◆ **EXERCISE BRIEF**: Provide a verbatim copy of all the records below, leaving the images out.
○ ○ ○ ○
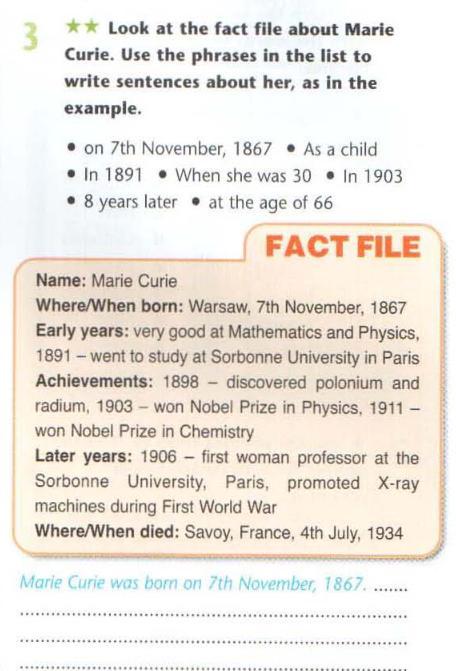 Надо посмотреть на файл с фактами о Мари Кюри и написать о ней полные предложения, как в примере.
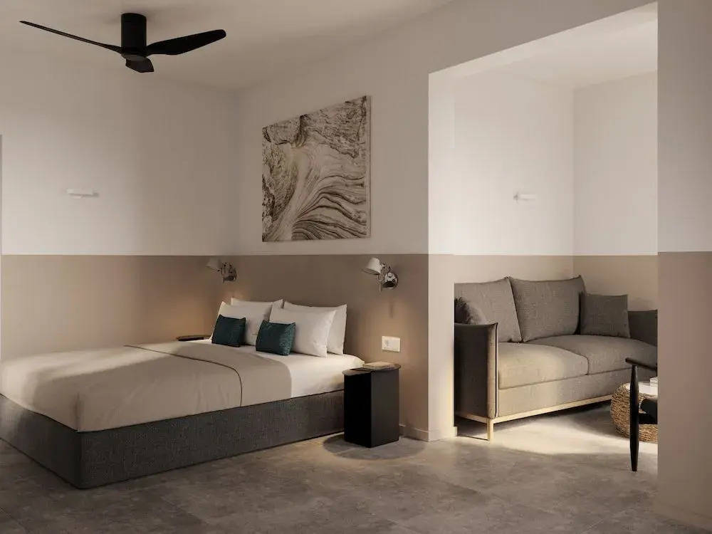 Suite s odděleným obytným prostorem a ložnicí, balkon/terasa a výhled (obvykle moře), ideální pro delší pobyty a komfortnější ubytování.
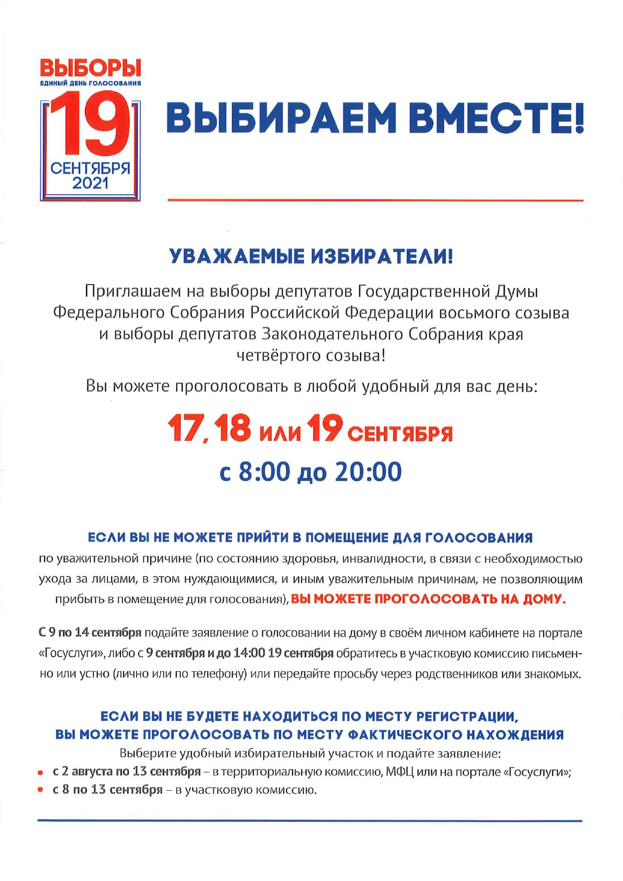 В Шарыпове организована работа 20 избирательных участков. Все они находятся на местах, уже привычных горожанам по прошлой выборной кампании. Основное новшество в том, что из-за противоковидных ограничений, чтобы не создавать излишнего скопления людей на участках, процесс голосования в этот раз продлили на три дня — 17,18 и 19 сентября. Соответственно, избиратели смогут прийти на участки в любой из этих дней, с 8 утра и до 20 часов вечера и отдать свой голос заинтересовавшему их кандидату и партии.
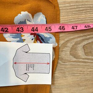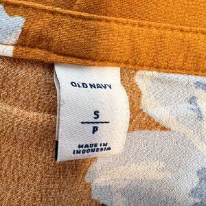 This Old Navy dress exudes feminine charm with its sunny yellow-orange base and delicate blue and white floral print. The long sleeves, flowy tiered design, empire waist, and keyhole neckline create a soft and trendy silhouette. Perfect for casual summer outings! Important: Old Navy sizes may vary, so please check the measurements provided.
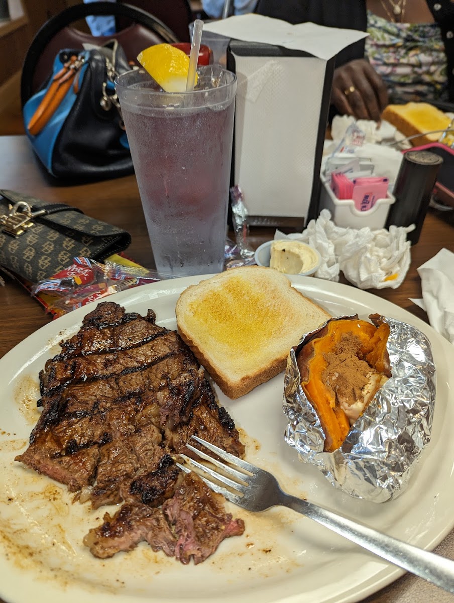 I had a salad and a ribeye sandwich. it was very good my mom and her cousin had cheese burgers and fries
○ ○ ○ ○
◆ **PROBLEM SOLUTION**:
 Надо посмотреть на файл с фактами о Мари Кюри и написать о ней полные предложения, как в примере.
 Suite s odděleným obytným prostorem a ložnicí, balkon/terasa a výhled (obvykle moře), ideální pro delší pobyty a komfortnější ubytování.
 В Шарыпове организована работа 20 избирательных участков. Все они находятся на местах, уже привычных горожанам по прошлой выборной кампании. Основное новшество в том, что из-за противоковидных ограничений, чтобы не создавать излишнего скопления людей на участках, процесс голосования в этот раз продлили на три дня — 17,18 и 19 сентября. Соответственно, избиратели смогут прийти на участки в любой из этих дней, с 8 утра и до 20 часов вечера и отдать свой голос заинтересовавшему их кандидату и партии.
 This Old Navy dress exudes feminine charm with its sunny yellow-orange base and delicate blue and white floral print. The long sleeves, flowy tiered design, empire waist, and keyhole neckline create a soft and trendy silhouette. Perfect for casual summer outings! Important: Old Navy sizes may vary, so please check the measurements provided.
 I had a salad and a ribeye sandwich. it was very good my mom and her cousin had cheese burgers and fries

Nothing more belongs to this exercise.